** Opening Exercise data block **
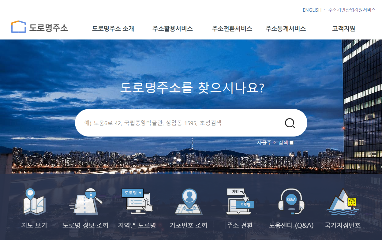 (1) 위 링크를 통해 도로명주소 홈페이지에 접속합니다.
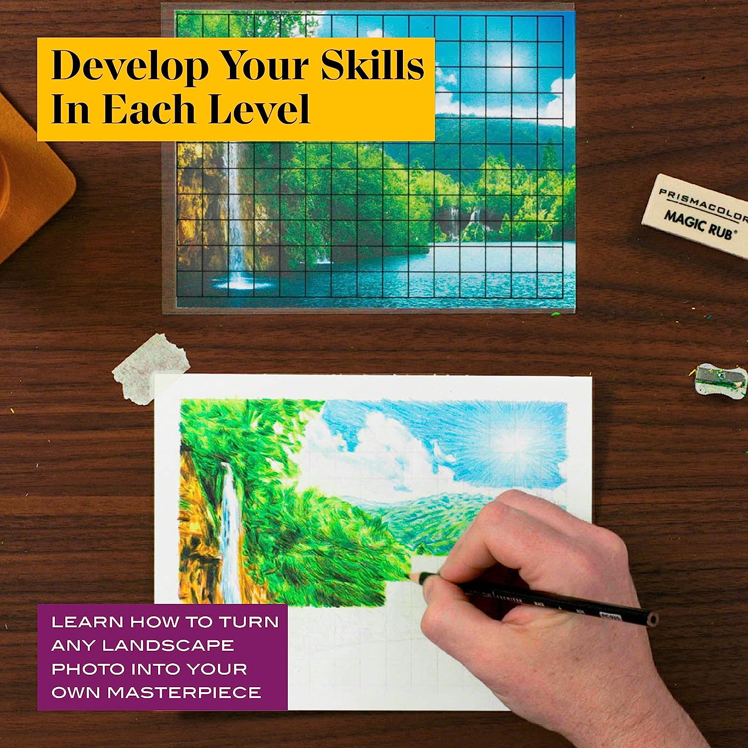 Learn art at your own pace from the comfort of home with Prismacolor Technique. Each Prismacolor Technique set features a unique coupon code for access to digital art lessons you can’t get anywhere else. Instructed by Prismacolor artists, each lesson will teach you how to use the professional-grade art supplies included in the set to create a piece of art you will cherish. The Level 3 Nature Drawing Set is designed for those who have built up some skill and confidence in art. You’ll learn how to take your skills to the next level by recreating any landscape or nature photo using reference grids. The set features Prismacolor colored pencils with rich cores for smooth color laydown and an artist roll case so you can store and carry your art tools. You’ll also receive graphite pencils, a clear reference grid overlay, a colorless blender, an eraser, a drawing pad, a mini sharpener, a drawing template with grid, a set of instructions, and hours of online content to learn at your convenience!
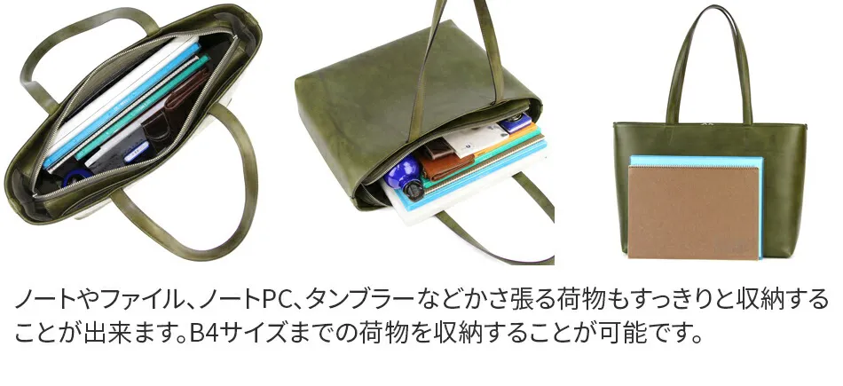 上質レザーを活かしたプレーンなフォルムは、あらゆるコーディネートによく馴染む。オン・オフ問わず使用できる汎用性の高さが嬉しいトートバッグ。 持ち手の内側には大振りのあおりポケットを配し機能も十分。B4サイズ対応で、沢山の書類等をざっくりと収納出来て便利です。 取り外し可能な底板付き。 使い込む程にエイジングを愉しめる、美しく上質なワキシングレザーを使用。手染めによる独特の表面のムラ感に、軽くしなやかな質感が魅力的です。
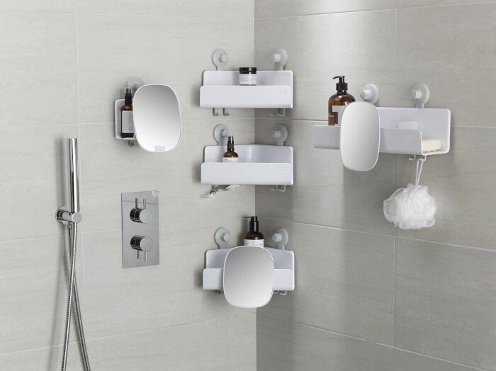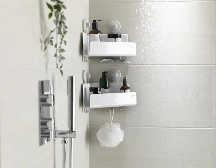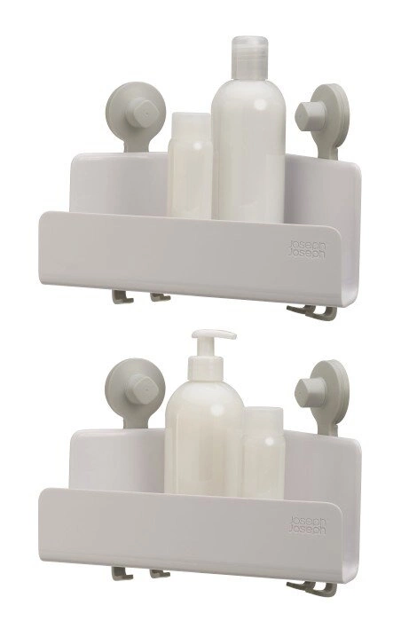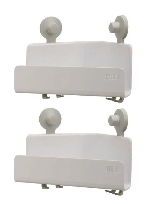 Półka łazienkowa narożna EasyStore marki Joseph Joseph to praktyczne rozwiązanie do przechowywania kosmetyków i akcesoriów w kabinie prysznicowej lub w okolicy wanny. Wykonana z wytrzymałego tworzywa sztucznego w nowoczesnej kolorystyce bieli i szarości, zapewnia nie tylko trwałość, ale i stylowe dopełnienie każdej łazienki. Dzięki mocowaniu na przyssawki oraz zintegrowanym haczykom, półka pozwala zachować porządek bez konieczności wiercenia w ścianach.
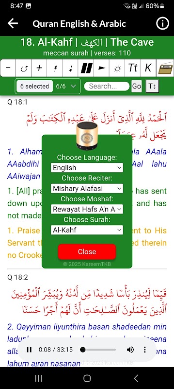 4. แอปนี้ยังมีอัลกุรอานฉบับเต็มเป็นภาษาอังกฤษแบบออฟไลน์ ทีละวรรค สำหรับการอ่านและฟังเสียงออนไลน์แบบออฟไลน์ รองรับทั้งการเลื่อนอัตโนมัติและโหมดกลางคืน
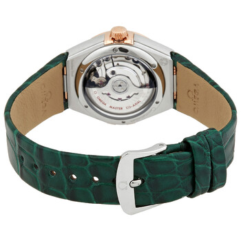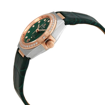 Silver-tone stainless steel case with a green leather strap. Fixed 18kt rose gold bezel set with diamonds. Green dial with rose gold-tone hands and diamond hour markers. Dial Type: Analog. Date display at the 6 o'clock position. Omega Calibre 8700 automatic movement with a 50-hour power reserve. Scratch resistant sapphire crystal. Pull / push crown. Transparent case back. Round case shape, case size: 29 mm. Band width: 17.6 mm. Water resistant at 50 meters / 165 feet. Functions: date, hour, minute, second, co-axial escapement, chronometer, magnetic resistant. Constellation Series. Luxury watch style. Watch label: Swiss Made. Omega Constellation Automatic Chronometer Diamond Green Dial Ladies Watch 131.28.29.20.99.001.
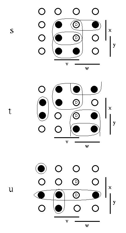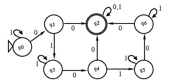 Encode the states in the above DFA with the 3-digit binary representations of their labels. We encode the transition characters with their values, since they are single-bit quantities already. Then the following table represents the I/O behavior of our NeuroToast circuit: Old State Input New State --------- ----- --------- vwx y stu <-- bit names 000 0 001 000 1 000 001 0 010 001 1 011 010 0 010 010 1 010 011 0 100 011 1 011 100 0 010 100 1 101 101 0 110 101 1 101 110 0 010 110 1 110 111 0 don't care 111 1 don't care This table leads to the following Karnaugh maps, which have simplified representations of s: vx + vy + wxy' t: vy' + wx' + wy + v'w'x u: v'w'x'y' + vw'y + xy The circuit is left to the ambitious reader (or test taker).
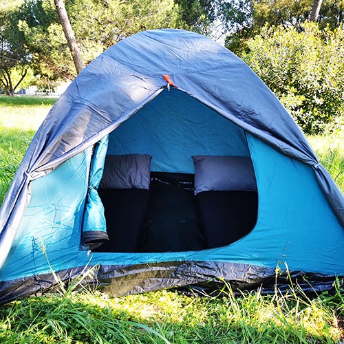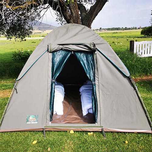 Sleeps 2 people - 2.1m x 2.1m Nylon Tent + 2 foam mattresses + 2 pillows + covers. Bring your own blankets. Festival tickets not included.
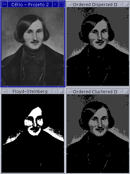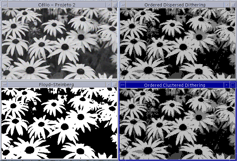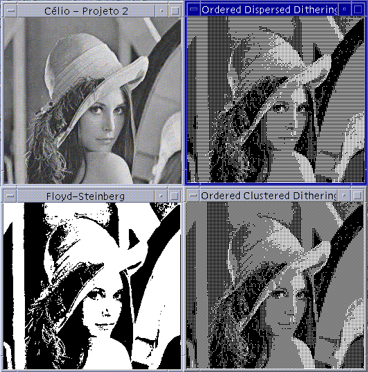 | O principal objetivo deste projeto é apresentar técnicas de quantização de imagens em tons de cinza utilizando apenas duas intensidades, o preto e o branco. Utilizou-se a biblioteca gráfica OpenGL e a linguagem C. Foram utilizadas imagens no formato PGM para este propósito. |
** Closing Exercise data block **
- [Your instructions]
Exact copy, no pictures. Write out the lines in the entries above, starting with the line with "Silver-tone stainless steel" and going on through the line with "Sleeps 2 people", keeping both.

- [Response to this exercise]
 Silver-tone stainless steel case with a green leather strap. Fixed 18kt rose gold bezel set with diamonds. Green dial with rose gold-tone hands and diamond hour markers. Dial Type: Analog. Date display at the 6 o'clock position. Omega Calibre 8700 automatic movement with a 50-hour power reserve. Scratch resistant sapphire crystal. Pull / push crown. Transparent case back. Round case shape, case size: 29 mm. Band width: 17.6 mm. Water resistant at 50 meters / 165 feet. Functions: date, hour, minute, second, co-axial escapement, chronometer, magnetic resistant. Constellation Series. Luxury watch style. Watch label: Swiss Made. Omega Constellation Automatic Chronometer Diamond Green Dial Ladies Watch 131.28.29.20.99.001.
 Encode the states in the above DFA with the 3-digit binary representations of their labels. We encode the transition characters with their values, since they are single-bit quantities already. Then the following table represents the I/O behavior of our NeuroToast circuit: Old State Input New State --------- ----- --------- vwx y stu <-- bit names 000 0 001 000 1 000 001 0 010 001 1 011 010 0 010 010 1 010 011 0 100 011 1 011 100 0 010 100 1 101 101 0 110 101 1 101 110 0 010 110 1 110 111 0 don't care 111 1 don't care This table leads to the following Karnaugh maps, which have simplified representations of s: vx + vy + wxy' t: vy' + wx' + wy + v'w'x u: v'w'x'y' + vw'y + xy The circuit is left to the ambitious reader (or test taker).
 Sleeps 2 people - 2.1m x 2.1m Nylon Tent + 2 foam mattresses + 2 pillows + covers. Bring your own blankets. Festival tickets not included.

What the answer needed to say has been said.